# 1. Introduction

This blog post addresses a common problem in array processing: finding the missing number in a sequence. This problem is a classic example of arithmetic progression and can be efficiently solved using a linear time algorithm.

## Problem

Given an array containing n-1 distinct integers in the range from 1 to n, the task is to find the missing number. The solution should be found in linear time.

Examples:

- Input: [1, 2, 3, 4, 5, 7, 8, 9, 10]

Output: 6

- Input: [1, 2, 3, 4]

Output: 5

# 2. Solution Steps

1. Calculate the expected sum of the first n natural numbers using the formula n*(n+1)/2.

2. Iterate through the array and compute the sum of its elements.

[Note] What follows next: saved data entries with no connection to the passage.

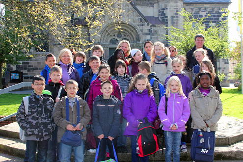 Nach der Frühstückspause vor der St. Martinus-Kirche ging es auf einen Trip durch das Alte Dorf Westerholt. Als Stadtführer zeigte Triffterer den Kids das Stadtwappen, das auf einem Gullydeckel zu sehen war. Ein paar Meter weiter warfen die wissbegierigen Schüler von außen einen Blick auf die Trafostation. Hier mahnte Ludger Triffterer zur Vorsicht: "Die Spannung in der Trafostation bedeutet Lebensgefahr!" Auf der Weiterfahrt zur Zeche Ewald wurde noch ein Zwischenstopp am Umspannwerk in Westerholt eingelegt, in dem der Strom von Hoch- auf Mittelspannung transformiert wird.
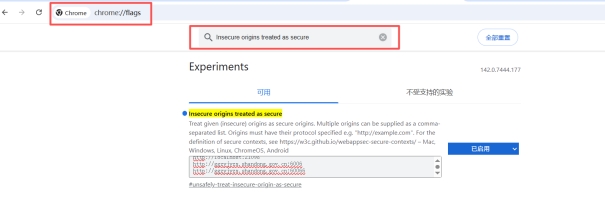 搜索 Insecure origins treated as secure
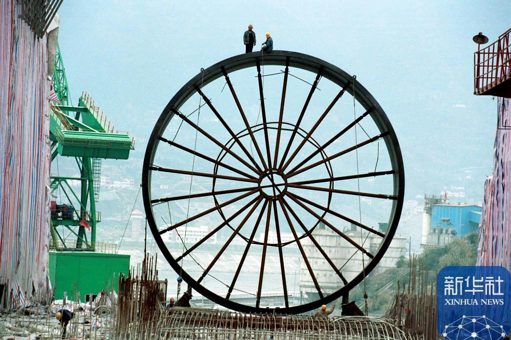 三峡大坝左岸电站压力引水管正在安装(1999年8月摄)。

3. Subtract the sum of array elements from the expected sum to find the missing number.

# 3. Code Program

``````#include <iostream>
#include <vector>
using namespace std;

// Function to find the missing number
int findMissingNumber(const vector<int>& nums) {
int n = nums.size() + 1; // Since one number is missing
int expectedSum = n * (n + 1) / 2;
int actualSum = 0;

// Calculate the sum of array elements
for (int num : nums) {
actualSum += num;
}

// The missing number is the difference between the expected and actual sums
return expectedSum - actualSum;
}

int main() {
vector<int> nums = {1, 2, 3, 4, 5, 7, 8, 9, 10};
cout << "Missing number: " << findMissingNumber(nums) << endl;
return 0;
}

``````

### Output:

```Missing number: 6
```

### Explanation:

The findMissingNumber function calculates the sum of the first n natural numbers, where n is the length of the array plus one. It then iterates over the array to find the sum of its elements. The difference between the expected sum and the actual sum of array elements is the missing number. This method efficiently finds the missing number in linear time, as demonstrated in the output for the given example.